The second film in my Philip Seymour Hoffman-athon wasn’t much better than the first. Hoffman and Laura Linney star as adult siblings dealing with caring for a father with dementia. It’s a dire, depressing little tale about two people forced to care for a man who’s never done anything but treat them like garbage, but who they now feel obligated to keep off the streets simply because they’re blood related. Hoffman gives another great performance here, and I guess the movie does do a good job of detailing how absolute horrible it must be to care for an invalid elderly parent. I get that. But it’s another one of those movies about writers, and it exists in that weird, Hollywood world where no one changes tires for a living and everyone has free time to sit at home writing novels or working on thesis papers.
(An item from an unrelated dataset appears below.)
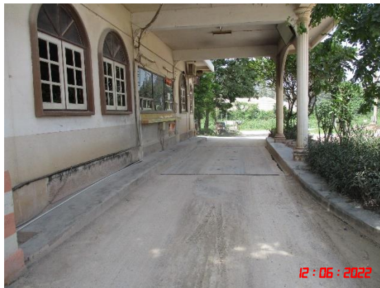
รูปที่ 2-18 ทางหลวงชนบทบ้านห้วยไผ่-บ้านเขาถ้ำกู่จรถึงทางหลวงหมายเลข 3208

I liked the dynamic between Hoffman and Linney as adult siblings, it’s rare you see that on screen, but the script is kind of a bore and when it’s not a bore it’s dead set on simply being miserable for the sake of being miserable.
Gone Baby Gone
I missed Ben Affleck’s directorial debut when it blew through theaters earlier this year, but now it’s starting to get serious awards buzz which means Miramax is pimping it by sending out DVD screeners to shlubs like me. Am I glad they did. Ironically enough, Gone Baby Gone, the story of a private detective trying to find an abducted child, is the most purely entertaining and least depressing movie in my mad, end of the year movie cram. Instead of being preachy or soul-sucking, Affleck’s film is genuinely entertaining. While the script is ultimately incredibly predictable, Casey Affleck’s performance is anything but. Meanwhile, surprise surprise, Ben Affleck may actually be a much better director than he is an actor. He has something, and the film is put together with the kind of confidence you’d usually expect from someone who’s spent a lot more time than Ben behind the camera. That said, I’m not sure where all the Oscar buzz comes from. Casey Affleck is good, but he’s even better in the Assassination of Jesse James, and if he gets nominated for anything it should be for that. The movie is good enough to get me really interested in whatever Affleck directs next, but it’s not the sort of film that really deserves any statues. Just an enjoyable, solid, thriller.